Sean Martin: The other one that comes to mind is. that back to the budgeting, given this set of parameters and levers that I've pulled, what story do I need to tell my team, my executive team for what it is and why I need it.
So sometimes it's a great point too.
Eric Parizo: We're going to see it. They have an impact there as well in terms of being able to produce, you're using the same data to have AI automatically. Produce a report that helps your SecOps team understand the threat, but also help your CEO understand what the impact is to the business.
Yep. That's going to be powerful too.
Sean Martin: Yep. Lots of stuff to think about. And, uh, I get to talk about it, which is cool. You have to do all the crunching, which I think is cool too, but at a different level.
Eric Parizo: Um, let me talk about it a little bit too.

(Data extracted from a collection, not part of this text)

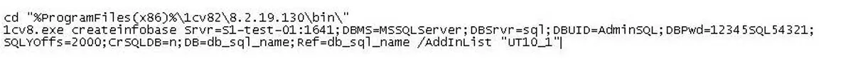 - Usr, Pwd, Locale – параметрами задаются имя, пароль, установки базы для региона, соответственно.
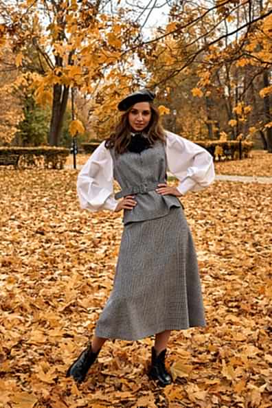 Эффектный костюм-двойка в клетку из французской шерсти с кашемиром. Жилет приталенного силуэта с потайной молнией сзади в качестве застежки. Юбка слегка расклешенная к низу. Ремень собирает весь образ и делает Pin Up визуально стройнее. На подкладке.
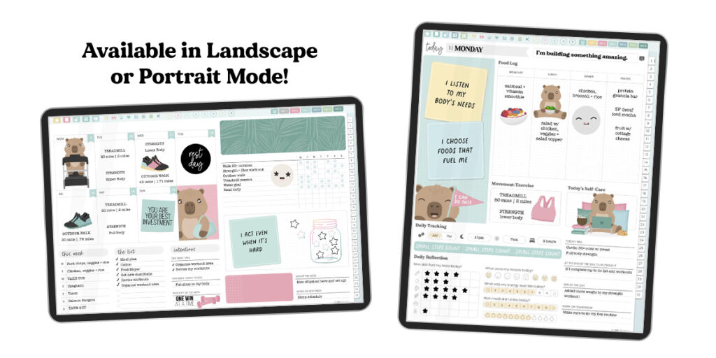 The Glow Up Planner is available now in my Etsy shop. This version features the Cabana color theme – bright, clean, and perfect for a fresh start. It’s available in both landscape and portrait layouts, with Monday and Sunday start options for each.

I got the Omnia Analyst Summit at Black Hat next
Sean Martin: week. That's right.
That's right. Remind us when that is, Eric.
Eric Parizo: It's next week as part of Black Hat USA, it's taking place on summit day at Black Hat. So that's Tuesday, August 8th at Mandalay Bay.
Sean Martin: Nice one. Well, I appreciate you, uh, being on the show and giving us some insights and teasing us with a few nuggets. Um, yeah, I, I'll say it again, that's, it's where the conversations are going to be held where a lot of this stuff is going to make its mark in the budget and in the program.
So, uh, Thank you. Great to, great to have you on Eric, hope everybody enjoys the, enjoys the summit, enjoys the conference. And of course we'll link to the summit. I don't know what the registration status is, but at least they can learn about it and connect with you. And for those listening, we still have tons to, uh, tons to go here with our coverage of Blackout USA 2023.
So stay tuned and, uh, subscribe, share and, uh, and have fun. Hopefully everybody's enjoying the coverage. Thanks again, Eric.
Eric Parizo: Thanks, Sean. Take care.